In room two, the earlier ‘Red Monkey’ works subvert the viewers’ expectations of gender; paintings such as Wife Cuts off Red Monkey’s Tail (1981) grotesquely illustrate the emasculation and cruelty enacted upon the male monkey figure by a female perpetrator. This particular painting recalls Salazar Vomiting the Homeland as the monkey throws up in agony and fear, therefore subtly augmenting a political message within Rego’s work. Although Wife Cuts off Red Monkey’s Tail is framed by marital intimacy (the monkey often represents Rego’s husband Victor Willing), a wider message of women wishing to untether themselves from male oppression is expressed. This expression of female power illuminates masculine fears: women being awakened to their autonomy and abandoning beliefs of male superiority would fatally injure the patriarchy. The cartoonish characterisations of the ‘Red Monkey’ series, not yet stylistically distinctive of Rego’s signature female figures, reveal the transition from Rego’s earlier Pop-inspired abstraction into figurative work.


Rego’s ‘Dog Women’ sought to engage with ideas of female servility, previously subverted in ‘Red Monkey’. The three works Love, Lush and Sleeper (1994) which dominate one wall, depict credible and convincing yet dejected women. The passivity of their contorted limbs is unnerving, and further heightened by Rego’s partial exclusion of shadow, exuding an ominous impression that the figures are floating in some sort of timeless, liminal space: neither wholly woman or dog, dead or alive, static or in motion. Rego unceremoniously depicts the subservience of female companionship in her ‘Dog Women’ series, and stirs fear within the powerless viewer by situating them as a mere bystander to such inhumanity. Rego successfully narrates the vulnerability of female domesticity in the bold statements of her animal series, while pertaining to the idea of ‘obedience’ and ‘defiance’. Through occupying an unknown space, Rego’s figures together obey and defy feminine expectations. The passivity of the ‘Dog Women’ align with contemporary ideas of domestic female servitude, yet their observed passivity reveals a state of inferiority and provokes anxiety within the viewer for the women’s encumbered position.
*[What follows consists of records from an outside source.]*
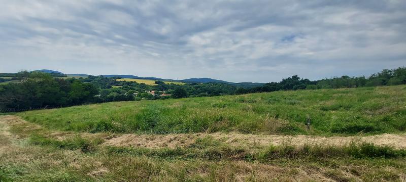 Hier eine andere schon alte Bild. welche in der Hintergrund den erste "Berg" von der Mecsek, namens Langehöhe zeigt, links in der Vorgergrund das Dorf und der Weg.
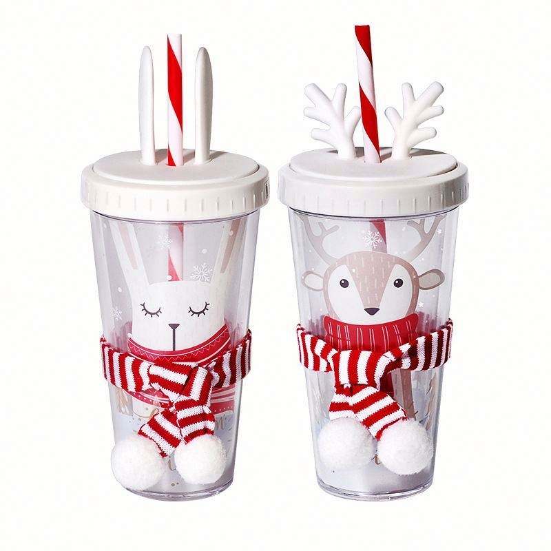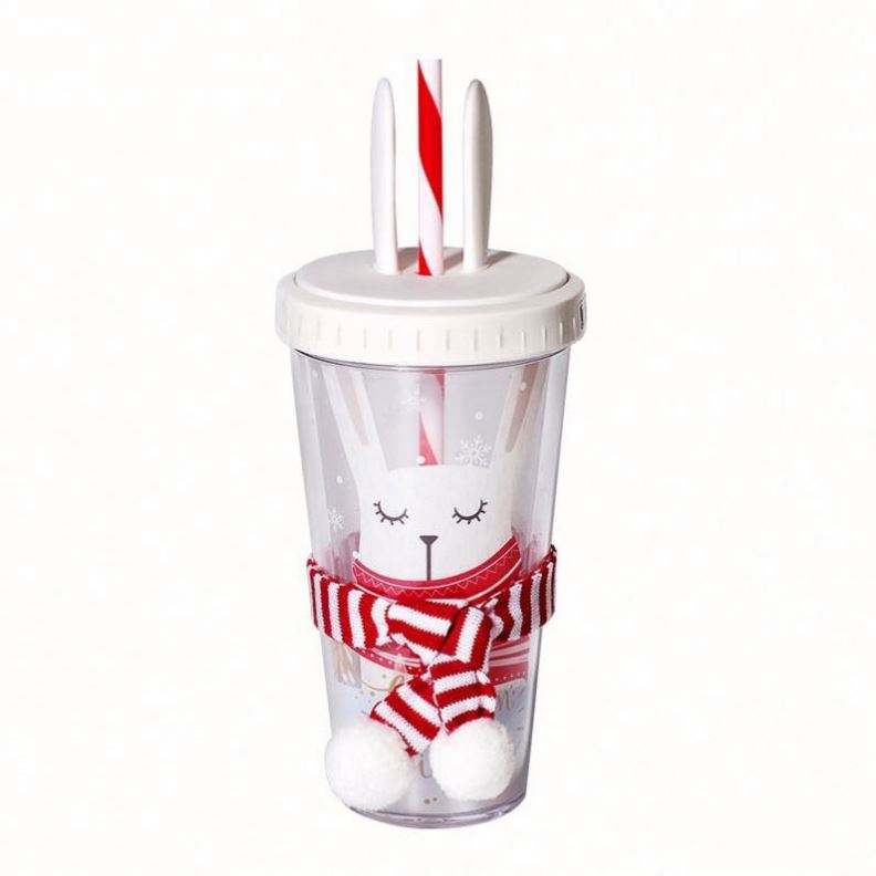 Gobelet réutilisable personnalisé avec couvercle, motif lapin/élan - Tasse de voyage pour enfants et adultes, cadeau de Noël idéal
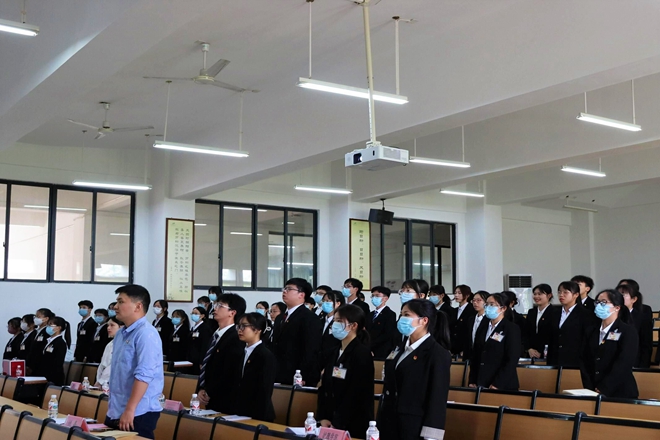 大会正式开始,全体与会人员起立并奏唱国歌,韦幸同学致本次会议的开幕词。随后,姚嘉老师对本次会议作出重要讲话,明确青年骨干对学校学风建设的重要性,并为针灸推拿学院未来发展的美好愿景表示殷切祝福。
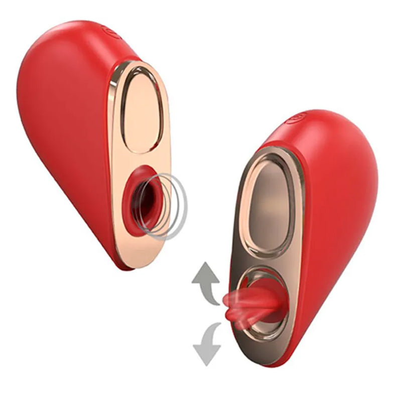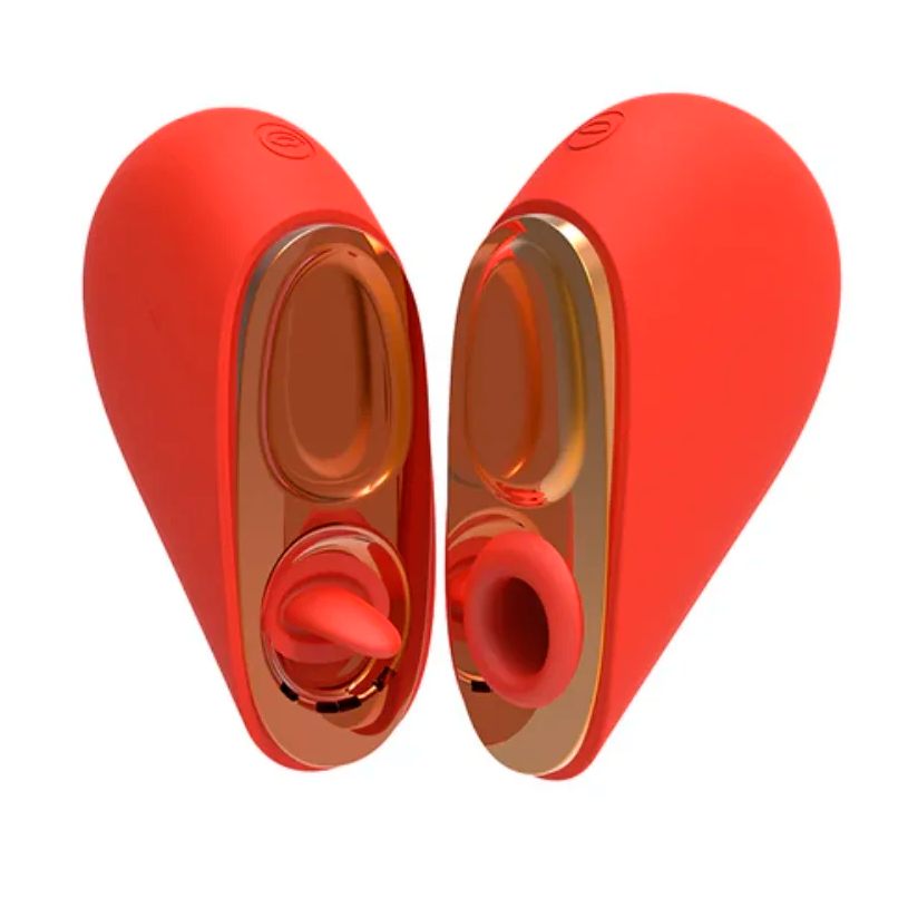 Estimulador clitoriano duplo, sendo: Um estimulador língua mágica com 5 modos de vibração, e um estimulador por ondas de pressão com 5 modos de estimulação.

Room three continues this politicisation of female persecution. Rego passionately protested the result of Portugal’s unsuccessful 1998 referendum to legalise abortion, in her stark artistic representations of illegal backstreet operations. Rego intends that these scenes are feared and repulsive, yet without ‘blood, gore or anything to sicken, because people wouldn’t look at it then.’ Like her political works of the 1960s, Rego understands how to rebel while remaining within the system. These works ‘make people look’, and were therefore able to infiltrate a wider public circle and contribute to the successful second abortion referendum in 2007.


In Obedience and Defiance, running until the 19th April, Paula Rego narrates the unsung stories of female struggle and perseverance, her works illustrating the timeless feud between persecution and resistance in both gender and class politics. Visiting viewers will be indebted to the emotive intelligence in Rego’s pieces, encountering fear within the work as well as themselves.